Using NLP tools naturally as a parent, specifically perception and reality.

Using NLP tools naturally as a parent, specifically perception and reality.

Using NLP Tools Naturally As A Parent, Specifically Perception and Reality

My 14 year son came across a story I had written for him some years earlier and we reminisced the circumstances around what had prompted me to write “The Clown”.  This is a story about how I found myself using NLP tools naturally as a parent, specifically perception and reality. 

My son had been at a child minding group and one day an in-experienced child minding assistant naively told a group of children a story which was about a clown who abducted a child from his bedroom during the night and had never been seen since. Unbelievably, she also told the children that a letter was being sent out to parents to tell them of the abduction and to warn them to be suspicious of anyone dressed as a clown.

My son was terrified and he believed the story whole heartedly and despite my many efforts, I could not reassure him that it was just a story. He would not sleep alone and would tremble at the mention of the word “clown”.  With his new belief that

Clowns = Danger

solidly anchored, the restrictions he placed upon himself were many; he refused to go anywhere where a clown may feature or a face was painted.

A Belief is something that we “perceive” to be; true, real, certain and it is based on the evidence that has been presented. As Coaches, we all know that mind does not know the difference between perception and reality and will therefore respond (release the brain chemicals needed) in line with a “fight, flight or freeze” response in order to keep us safe.

My son believed the story of the clown abduction to be trueTheevidence waspresented which was the story that had been told by an adult that he trusted and his brain response was to keep him away from anything that may present itself as a threat – including sleeping alone.  I hoped that in a short time his fear would fade away and that he would simply forget the unfortunate clown story, yet time passed and his belief appeared unshakeable.  I was at a loss to know how to help him.

Eventually I came up with an idea to “re-write” the story, which I hoped would replace the memory of the original one.  Thankfully, my hunch was right, he returned to his own room and the fear of clowns dispersed.

The story I wrote was about a young girl called Helen.  Whilst babysitting, she fell asleep, entering into a dream whereby the child she was looking after was taken by a clown.

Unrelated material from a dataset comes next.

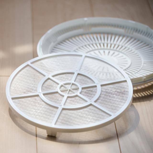 背面にはホコリをキャッチするフィルター付き。羽根の汚れを抑えてお手入れの手間を軽減し、いつでも清潔に保てます。

I emphasised how real the experience was for her at the time and I added into the story her love of clowns, how they had made her laugh and described her much adored collection of toy clowns at home.  The story came to an end with the parents coming home and waking her up; they had left the house to go to a fancy dress party dressed as clowns which Helen had helped to create.  Helen was able to reflect on her dream; how real it had appeared and how pleased she was that she could still love her friendly toys at home now that she knew that it was all just a dream.

Back then, I was unaware of Coaching and NLP yet reflecting on the story I had helped my son to reframe the content of his story and diminish his fears, I realised that I had unconsciously used some of the fantastic NLP techniques we use in Coaching;

Suspending Self Limiting Beliefs – By believing that “Clowns = Danger”, he avoided situations and limited his choices (missed out on parties and fetes), by suspending the belief (removing the evidence that previously supported it), he was able to return to his more resourceful belief that

Clowns (grown-ups in costume)= Fun and laughter.

Utilising the Representational System – We use these to help enhance good experiences and limit the effect of bad experiences which includes tapping in to the representational system; Visual, Auditory, Kinaesthetic.  In my story I described in detail what Helen could see, hear and feel during her dream state which validated an understanding of the fear she felt.  I then described what it was like after she realised her experience wasn’t real which anchored a more resourceful state.

Matching – from the process of rapport, the mirror, match, pace, lead process, I specifically ‘matched’ the fear of the original story in order to pace and lead my sons emotions to experience a really strong and resourceful positive outcome to the story.

I knew at the time that my story had helped my son, though I hadn’t recognised the skills that I had applied.  How many of us apply fantastic parenting tools and techniques without realising how powerful they are? 

There is a Coach in all of us, our resources are invaluable and become even more powerful when we notice and celebrate them.